Two Columbia University economists think that raising rates is cure for economic slump

As reported by Bloomberg, two Columbia University economists have adopted your humble blogger's suggestion that raising interest rates will help to cure the economic slump.

Regular readers have seen numerous posts over the last couple of years discussing Walter Bagehot and his rule that central banks never lower rates below 2%.

Mr. Bagehot, the father of modern central banking, laid out this rule in the 1870s.  He did this in full knowledge of Mark Twain's famous observation about being more concerned about the return of his capital than the return on his capital.

Mr. Bagehot understood that as rates drop below 2% they create their own economic headwinds including that savers start pursuing Mark Twain's observation.

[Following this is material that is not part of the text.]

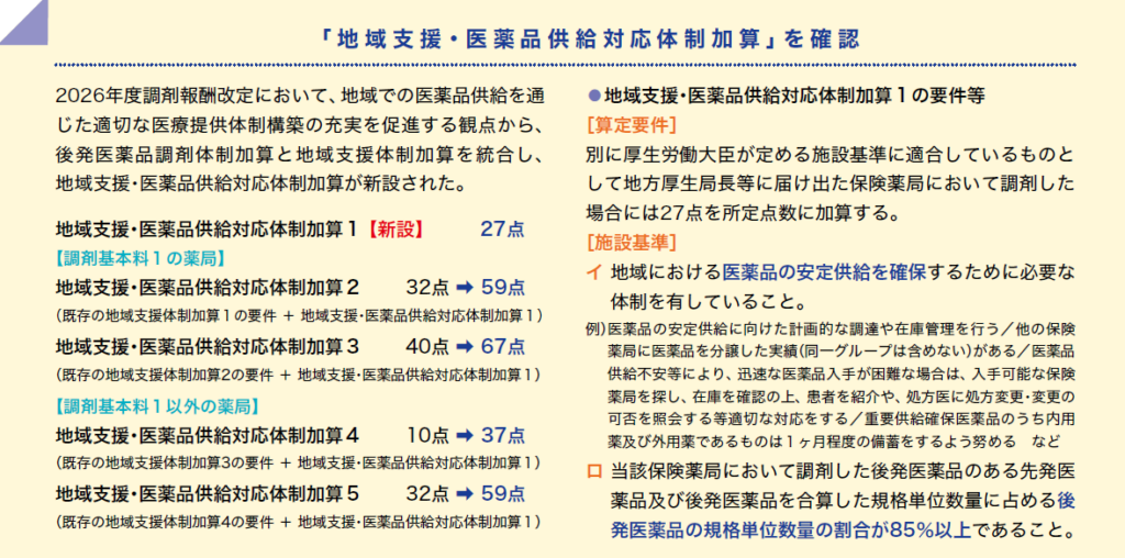 2026年度調剤報酬改定では、「後発医薬品調剤体制加算」は廃止され、「地域支援・医薬品供給対応体制加算」へと統合されました。評価の焦点は、後発医薬品の使用割合のみならず、「欠品させない体制」「地域内での分譲対応」など安定供給への取り組みに広がり、地域医療を支える供給体制の整備そのものが評価対象となる局面に入っているといえます。

The solution to weak economic growth may be higher interest rates. 
That seemingly paradoxical remedy can apply if the cause of the slump is a confidence shock that cheap borrowing costs are failing to reverse, two Columbia University economists said in a report published this week. 
In such a situation, ultra-easy monetary policy risks making fears of deflation a self- fulfilling prophecy as spenders sit tight. 
If low interest rates can’t motivate jittery consumers, then the answer may be the opposite: an increase in borrowing costs. Such a shift “can boost inflationary expectations and therefore foster employment,” said Stephanie Schmitt-Grohe and Martin Uribe in the study published Nov. 19 by the National Bureau of Economic Research in Cambridge, Mass.
“By its effect on real wages, future inflation stimulates employment, thereby lifting the economy out of the slump,” they said. 
The academics said sagging confidence among households and companies has played a part in the recent economic slowdown. Evidence from the U.S. as well as Japan during the last two decades “seems to suggest that zero nominal interest rates are not doing much to push inflation higher.”
At the moment, the Federal Reserve pledges to keep its benchmark interest rate near zero through mid-2015.
While I am not an economist, I suspect that the transmission mechanism for economic improvement from higher interest rates is that savers no longer have to offset the lack of return on their savings through more savings, but can instead use this money for consumption.